## ABOUT THIS EXERCISE
Transcribe only what runs from the line containing "Gummiklemme sortiment nr.75" through the final line below, exactly, and leave every picture out.

## DATASET SECTION
▼

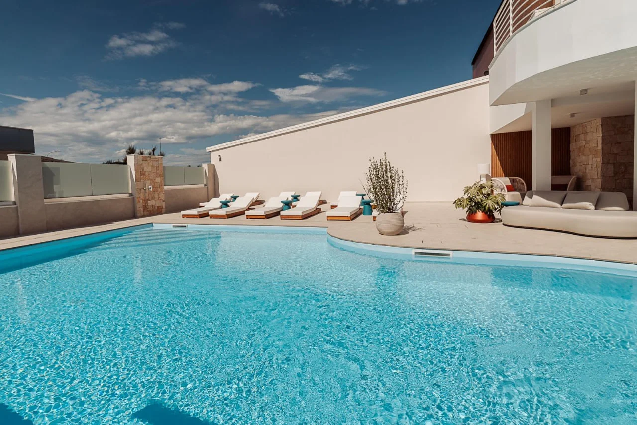Goditi momenti di puro relax nell’elegante piscina del Residence Élite, struttura della stessa proprietà a pochi passi dal Residence De Lucia.
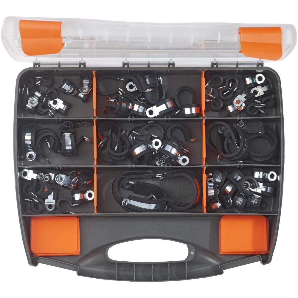 Gummiklemme sortiment nr.75 6-30mm. Sortimentskuffert med galvaniserede gummiklemmer med EPDM gummibelægning.
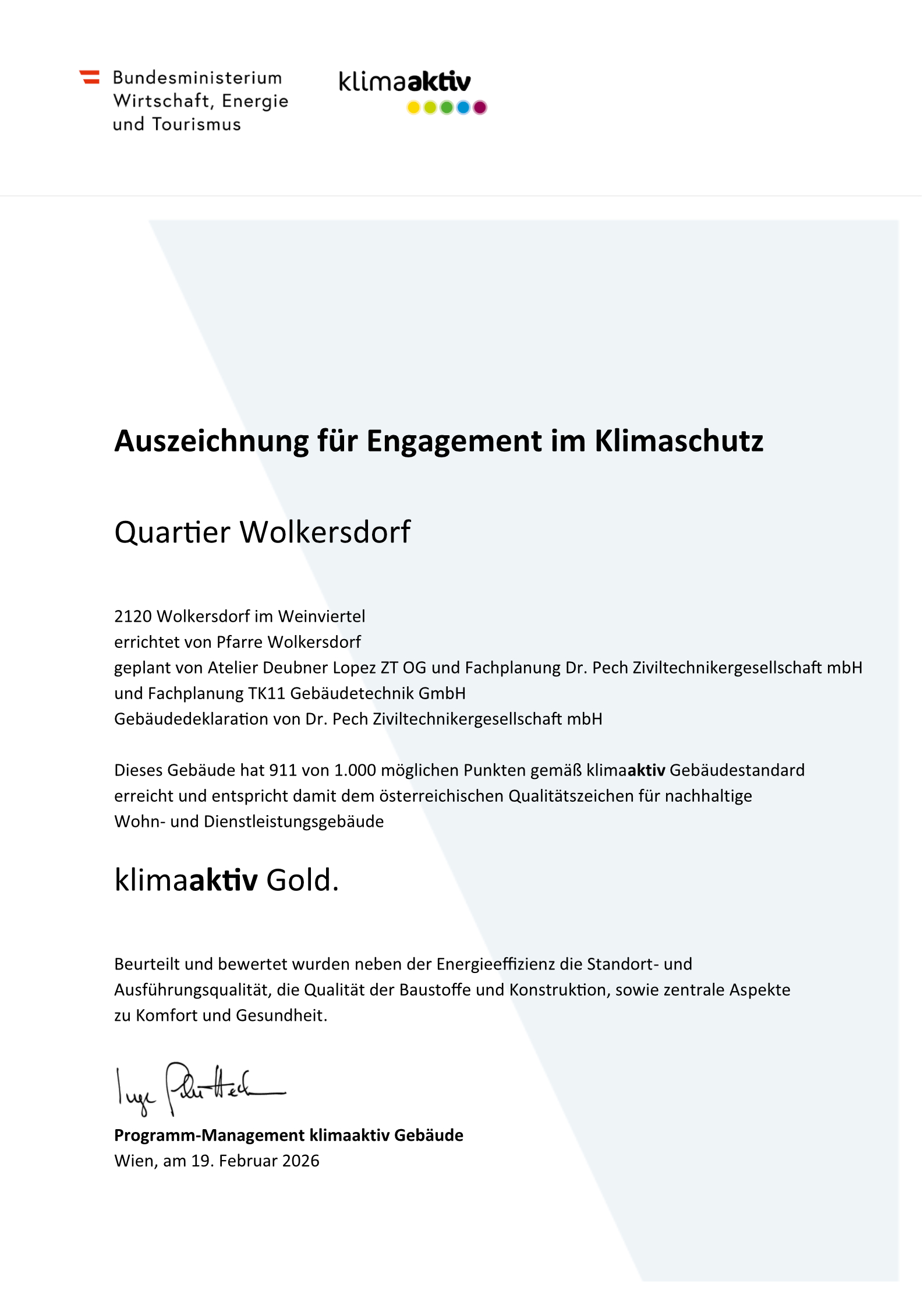 Das Gebäude wurde nach dem klimaaktiv Kriterienkatalog deklariert und geprüft, dabei konnten 911 von 1000 Punkten erzielt werden und damit die Qualitätsstufe klimaaktiv Gold. Die Gebäudedeklaration sowie die Fachplanung im Bereich Bauphysik erfolgte über die Dr. Pech Ziviltechnikergesellschaft mbH.

▲

## PROBLEM SOLUTION
 Gummiklemme sortiment nr.75 6-30mm. Sortimentskuffert med galvaniserede gummiklemmer med EPDM gummibelægning.
 Das Gebäude wurde nach dem klimaaktiv Kriterienkatalog deklariert und geprüft, dabei konnten 911 von 1000 Punkten erzielt werden und damit die Qualitätsstufe klimaaktiv Gold. Die Gebäudedeklaration sowie die Fachplanung im Bereich Bauphysik erfolgte über die Dr. Pech Ziviltechnikergesellschaft mbH.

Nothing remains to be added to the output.